RIGHT WING GREATEST HITS: On O'Reilly's show, Trump chose to tout another topic popular among fringe right-wingers, transitioning his birther stance into outright Islamophobia. "There's something on that birth (certificate), maybe religion, maybe it says he's a Muslim, I don't know," Trump said. And he hardly stopped there. In an apparent effort to keep up with former pizza company official Herman Cain, the most brazenly anti-Islam candidate on the GOP side, Trump harped about the world's "Muslim problem." Surely, he had some sort of high-level intelligence alerting him to this problem, right? Not quite. "All you have to do is turn on your television," he said. "You know it, and I know it." Part of that Muslim problem, according to Trump, is the President's policy toward Libya. In an interview with Fox News' Greta Van Susteren, Trump pushed the unsubstantiated right-wing theory that Libyan rebels "are closely associated with Iran. And they're closely associated with al Qaeda." In an effort to complete his transformation into a right-wing conspiracy theorist, Trump also pushed the idea that Obama's memoir, "Dreams from My Father," was written by Bill Ayers, and that the Chinese were out to "strip (America) of everything they can strip us of." He's also anti-gay marriage, for no apparent reason. Trump: "I just don't feel good about it."

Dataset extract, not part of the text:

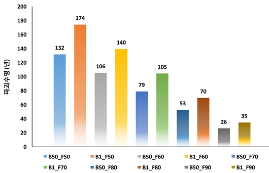 판단기준과 고장률이 높을수록 파괴수명은 짧아짐을 확인하였다.

RATINGS BOON: After Trump's birther discussion with O'Reilly, former Bush strategist Karl Rove said he thought Trump's approach was "a mistake. It will marginalize him." But is it a mistake? In a GOP field that already features two fringe candidates (Cain and Minnesota Rep. Michele Bachmann) and will before long become crowded with multiple other candidates, perhaps Trump is attempting to carve out a niche among the voters on the right edge of the party. Or, perhaps, a millionaire with an instinct for exploiting interests to bolster his pocketbook (think Miss USA or "You're fired!") has figured out a way to occupy the spotlight early in the race and is using it for his own self-gain. Indeed, the ratings for Celebrity Apprentice were dismal early in the season. But with Trump making numerous appearances on both morning network and evening cable TV programs, the show's ratings have suddenly spiked. Either way, it says quite a lot about the sad state of the modern Republican Party that someone like Trump can exploit GOP voters for either electoral or personal gain by running as fast as he can to the farthest right fringe of the party.